After a motorist killed a popular Austin lifestyle blogger this year, a grassroots group and some city leaders looked to transportation network companies like Uber and Lyft to address weaknesses in the city’s late-night transportation system. Smartphone users relish the ability to hail nearby drivers in a city where cabs are difficult to find and buses run infrequently, but turning to these private solutions to public problems raises some significant issues. Uber has been accused of distorting driver earnings, automating racist attitudes, and encouraging drivers to take on subprime debt. It also did an end-run around the local political process by operating illegally in Austin while flaunting a warchest for potential court battles.
For satisfied Uber users, it may seem like a high-tech convenience that improves upon current transportation problems.
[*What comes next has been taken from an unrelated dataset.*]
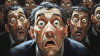 Deze spookachtige scène toont een menigte mensen die in de greep is van angst en paniek. De gezichten van de mensen zijn vol angst, met wijd opengesperde ogen en opengesperde monden, alsof ze op de vlucht zijn voor een onbekend gevaar. De houdingen van de mensen suggereren chaos en wanhoop terwijl ze in verschillende richtingen kijken, onzeker over waar ze heen moeten. De gespannen sfeer is voelbaar en geeft een gevoel van dreiging. Deze afbeelding kan symbool staan voor een emotionele reactie op een ramp of onverwachte gebeurtenis en belichaamt de menselijke reactie op extreme stressvolle situaties.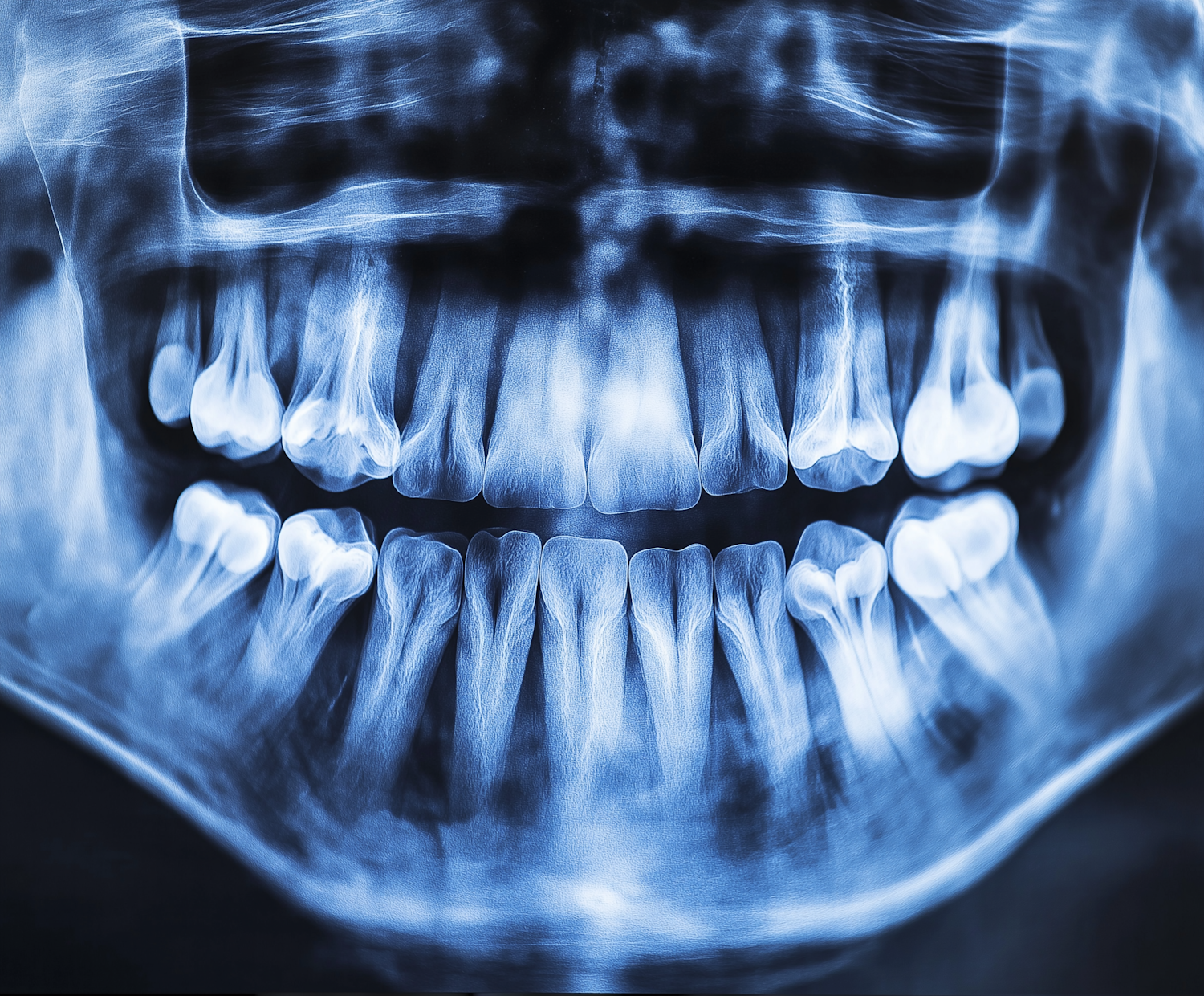 Dental X-ray showing a full set of teeth with clear detail in blue tones, highlighting dental structure and alignment.

Here, I would argue, however, is one of the dangers of technoculture: the fetish of the new masks deepening inequalities and emerging opportunities for exploitation. Novelty makes it difficult for many to see how software systems may reconfigure individuals’ relationship with local government, possibly reducing their access to public services and increasing surveillance, while making life more precarious for many people. While positive dispositions toward technology aren’t bad in themselves, it is important to consider how introducing technology can further inequality.